Pierrat, Chiarello, Bettoni: lectures de haut vol


Je voudrais vous parler de trois romans de grande qualité parus ces derniers mois. Avocat connu et reconnu «sur la place de Paris» (comme on dit), spécialiste en droit de la propriété intellectuelle, Emmanuel Pierrat est aussi collectionneur de livres censurés (érotiques), domaine auquel il a consacré plusieurs essais. Il est d’ailleurs l’auteur de très nombreux ouvrages de toutes sortes. Le procès du dragon, sorti en janvier, est un roman qui se distingue à la fois par son propos et par son écriture extrêmement pure et juste. Faisant le tri, pour cause de déménagement, dans des cartons datant de son grand-père, fondateur du cabinet, un avocat tombe sur un dossier qui l’intrigue. Il s’agit d’un procès des années 1920, dont le cadre est l’île de Komodo et dont l’accusé est… un dragon.

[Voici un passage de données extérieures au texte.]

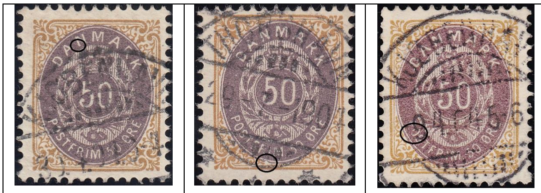
OF.14 50ø11 pos. 53(?)

OF – placeringer med (et lille) spørgsmålstegn (jeg er temmelig sikker, men vil gerne have bekræftet positionerne med parstykker eller enheder):
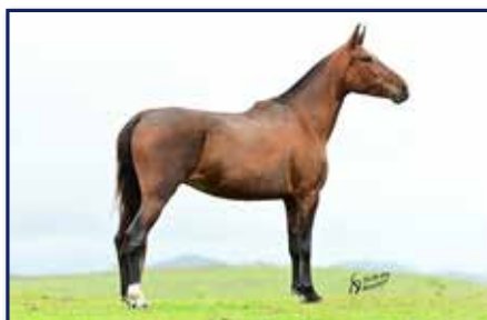
Mãe Magia da Enseada
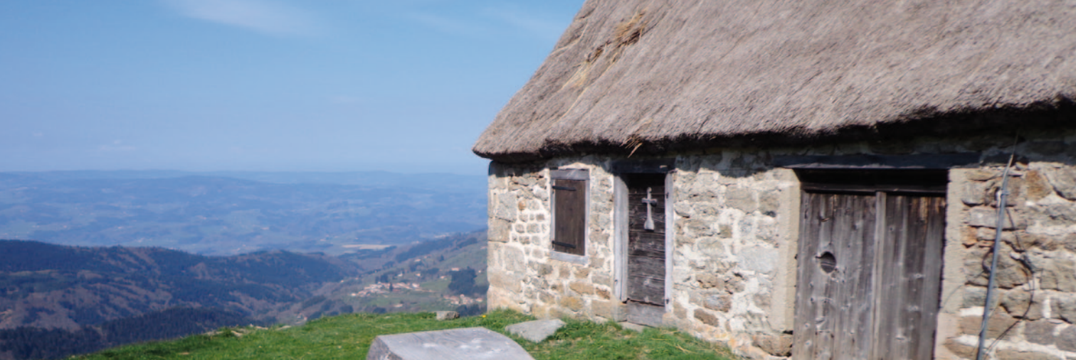
Depuis les jasseries des Supeyres s'ouvre un panorama sur les monts du Livradois et, en arrière-plan, sur la chaîne des Domes

Le Forez est labellisé « Pays d'art et d'histoire » depuis 1999, reconnu pour la qualité de ses paysages, de son patrimoine bâti historique et vernaculaire ainsi que pour ses savoir-faire artisanaux et industriels. « Villes et Pays d'art et d'histoire » est un label national du ministère de la Culture et de la Communication octroyé aux collectivités engagées dans des programmes de restauration et de valorisation du patrimoine. Il garantit la qualité des actions culturelles et patrimoniales par l'emploi d'un personnel qualifié. Aujourd'hui, un réseau de 184 villes et pays vous offre son savoir-faire sur toute la France.

Le roman est construit comme un puzzle – mais chronologique. Se succèdent des notes, documents, lettres, interrogatoires, pièces diverses pour aboutir au procès lui-même. Pierrat nous fait entrer dans un autre monde, une autre culture – où les animaux peuvent être des accusés comme les autres -, avec un sens du romanesque tout à fait probant. Mais c’est aussi par son style que ce bref roman emporte le lecteur. L’avocat sait polir ses mots et ses phrases jusqu’à les débarrasser de tout superflu, de toute graisse inutile, et le résultat est aussi remarquable que passionnant.